Return exactly the run of lines that begins at the line containing "También dispone de" and ends at the last line of the material below; pictures stay out.

::: Data extract :::

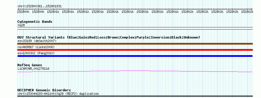 | Variant Type | CNV gain | Copy Number | | Allele State | | Allele Origin | | Probe Count | | Validation Flag | | Merged Status | M | Merged Variants | | Supporting Variants | essv3586861 | Samples | HuRef | Known Genes | L1CAM | Method | Oligo aCGH | Analysis | | Platform | Not Submitted | Comments | | Reference | Pang_et_al_2010 | Pubmed ID | 20482838 | Accession Number(s) | esv1000302
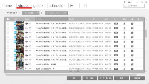 ここでは録画した番組の再生の他に、指定した録画番組をPCに移動したり DVD/BDに書き込みなども行なえます。
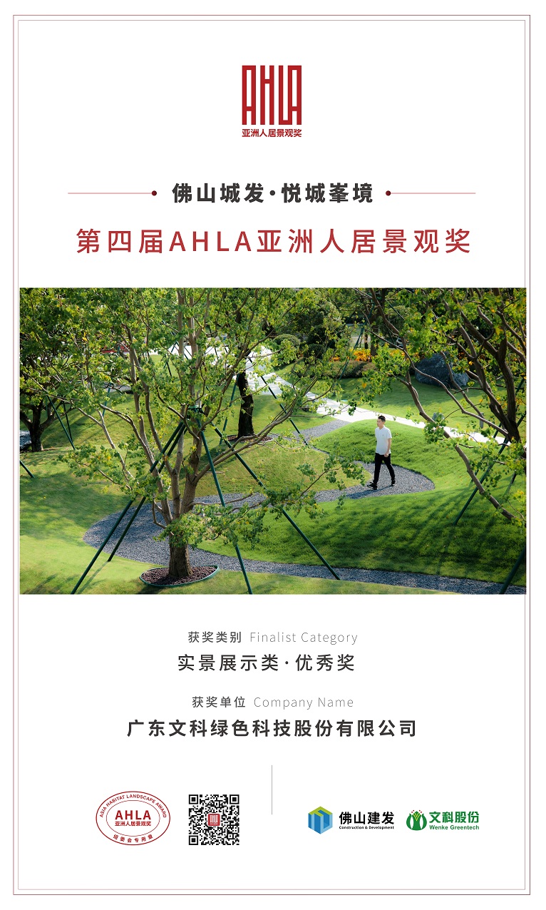 克日,第四届AHLA亚洲人居景观奖获奖名单正式揭晓。经由强烈角逐,腾博tengbo9885官网股份参赛项目“佛山城发?悦城峯境树模区”荣获实景展示类优异奖。
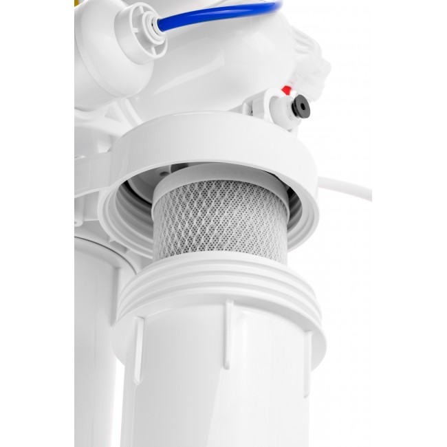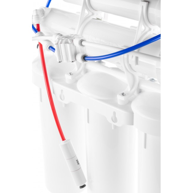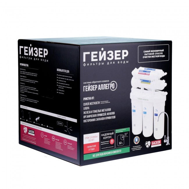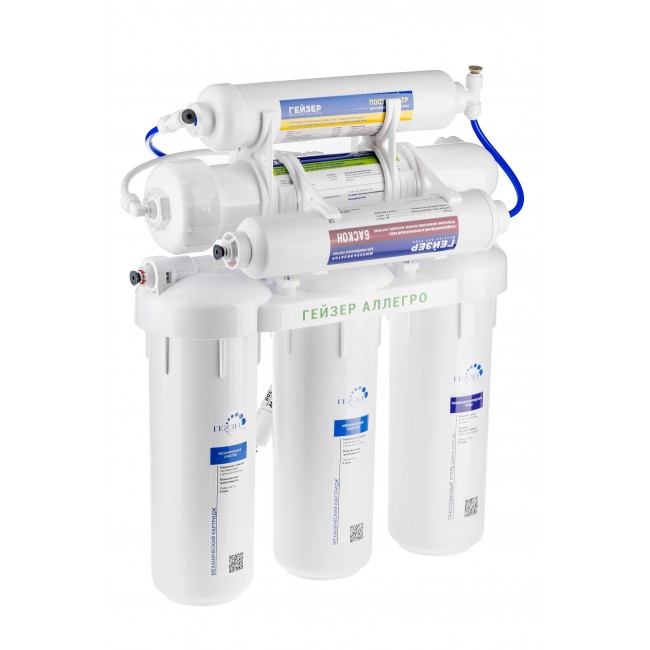 Технология обратного осмоса, использованная в фильтре Гейзер Аллегро М, заключается в фильтровании воды через полупроницаемую мембрану. Размеры пор мембраны настолько малы, что пропускают только молекулы воды. Размер молекул большинства примесей, а также бактерий и вирусов значительно больше молекул воды, поэтому они не проходят через мембрану. Система работает при давлении в подводящей магистрали не менее 3 атм. В комплект входит минерализатор «Вита» для насыщения очищенной воды полезными солями кальция и магния до оптимального уровня жесткости воды — 1–1,5 мг–экв/л. Кран с двумя вентилями обеспечивает подачу воды с минералами (если Вы хотите выпить стакан воды, обогащенной полезными микроэлементами) или без них (для приготовления чая, кофе). Вкус напитков, приготовленных на абсолютно чистой воде гораздо богаче и ароматнее.
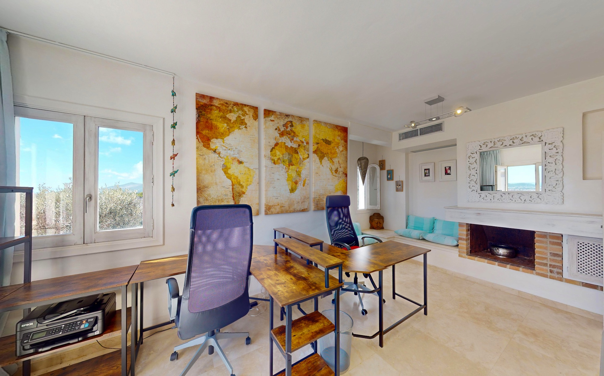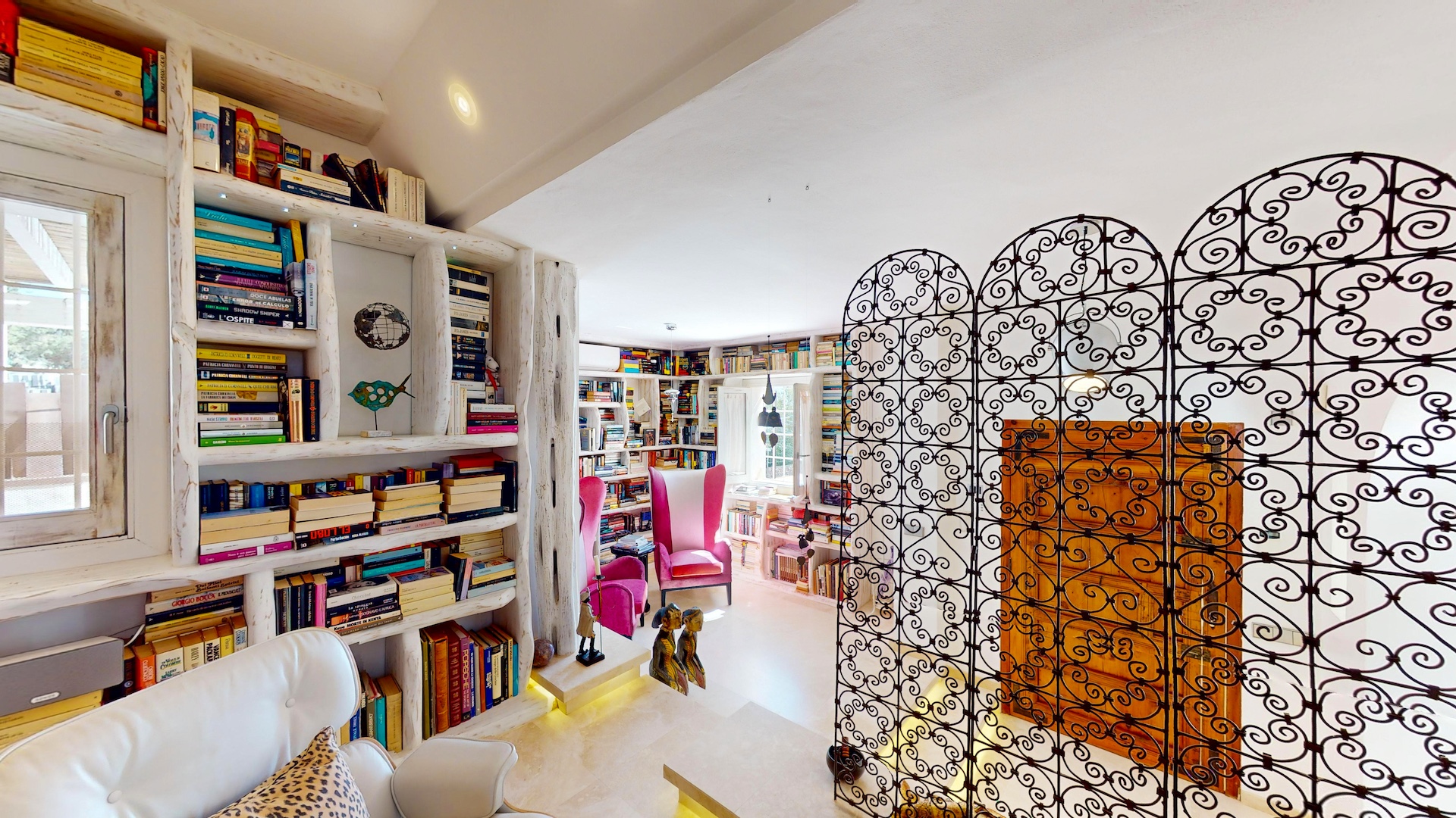 También dispone de una oficina y una preciosa biblioteca donde poder perderse entre libros.
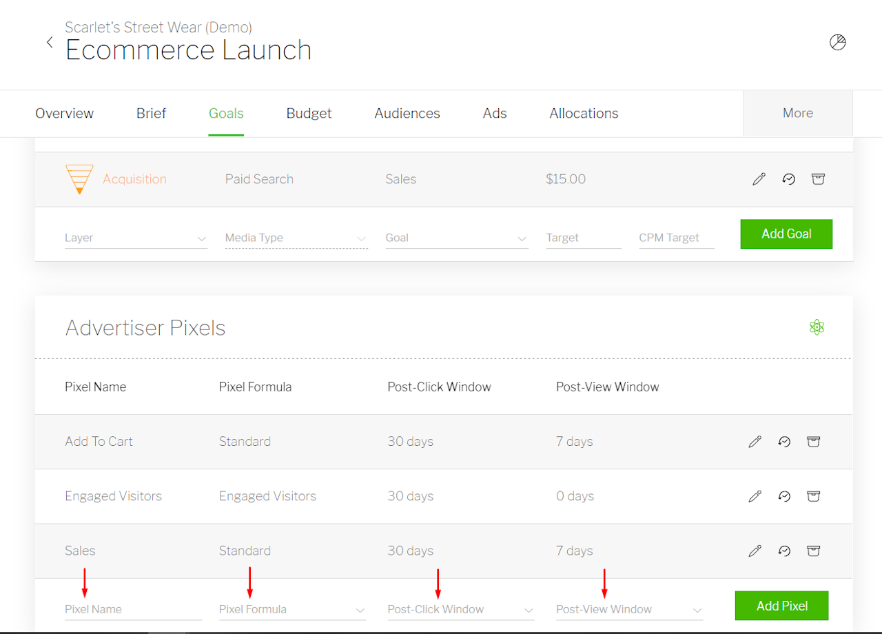 If you intend to set either your Campaign Goal or your Media Type Goals to track a pixel-based conversion, you’ll first need to define this Advertiser Pixel on the ‘Goals’ tab within your Campaign.
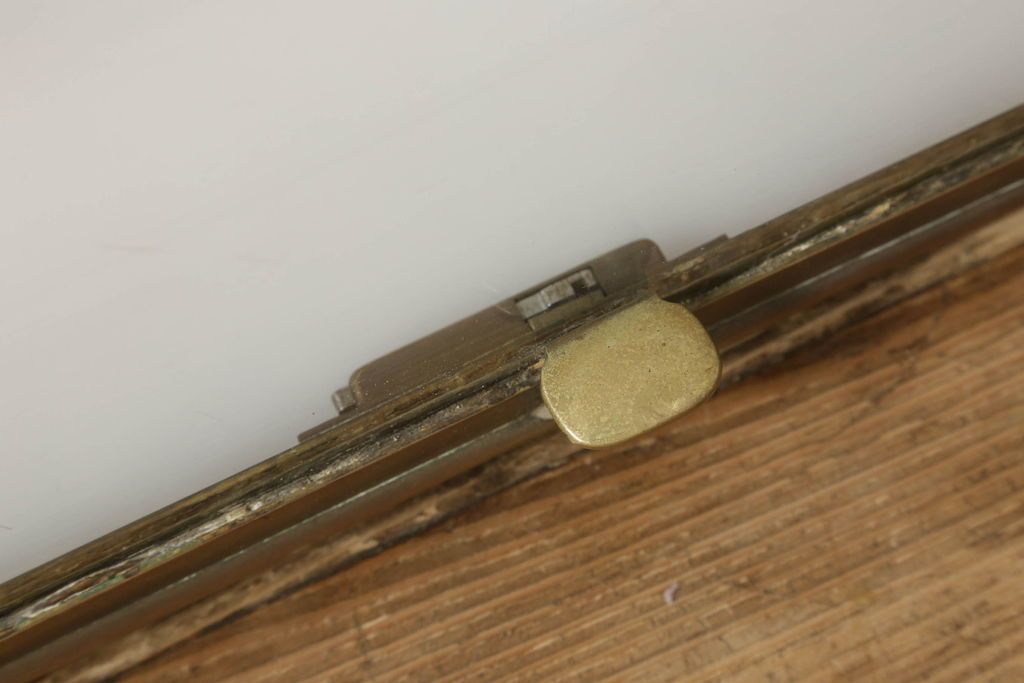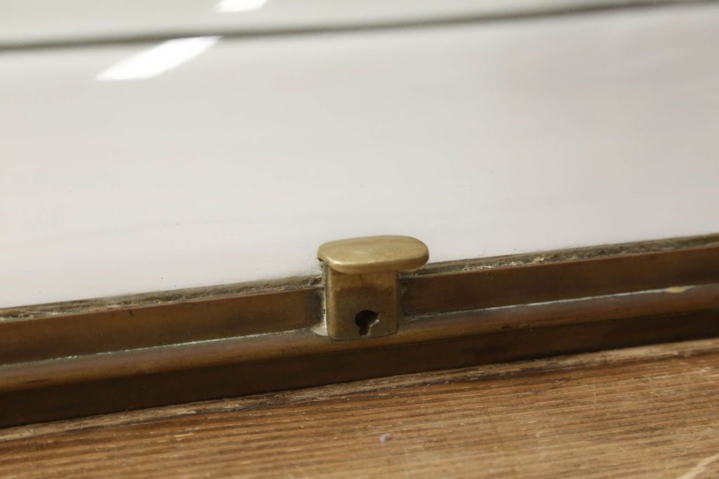 店舗什器 > ショーケースをリペア&カスタム!真鍮製のストッパーを当店商品を参考に職人が手作業で製作し取り付け。(ガラスケース、店舗什器)

:::

* **Task output**:
 También dispone de una oficina y una preciosa biblioteca donde poder perderse entre libros.
 If you intend to set either your Campaign Goal or your Media Type Goals to track a pixel-based conversion, you’ll first need to define this Advertiser Pixel on the ‘Goals’ tab within your Campaign.
 店舗什器 > ショーケースをリペア&カスタム!真鍮製のストッパーを当店商品を参考に職人が手作業で製作し取り付け。(ガラスケース、店舗什器)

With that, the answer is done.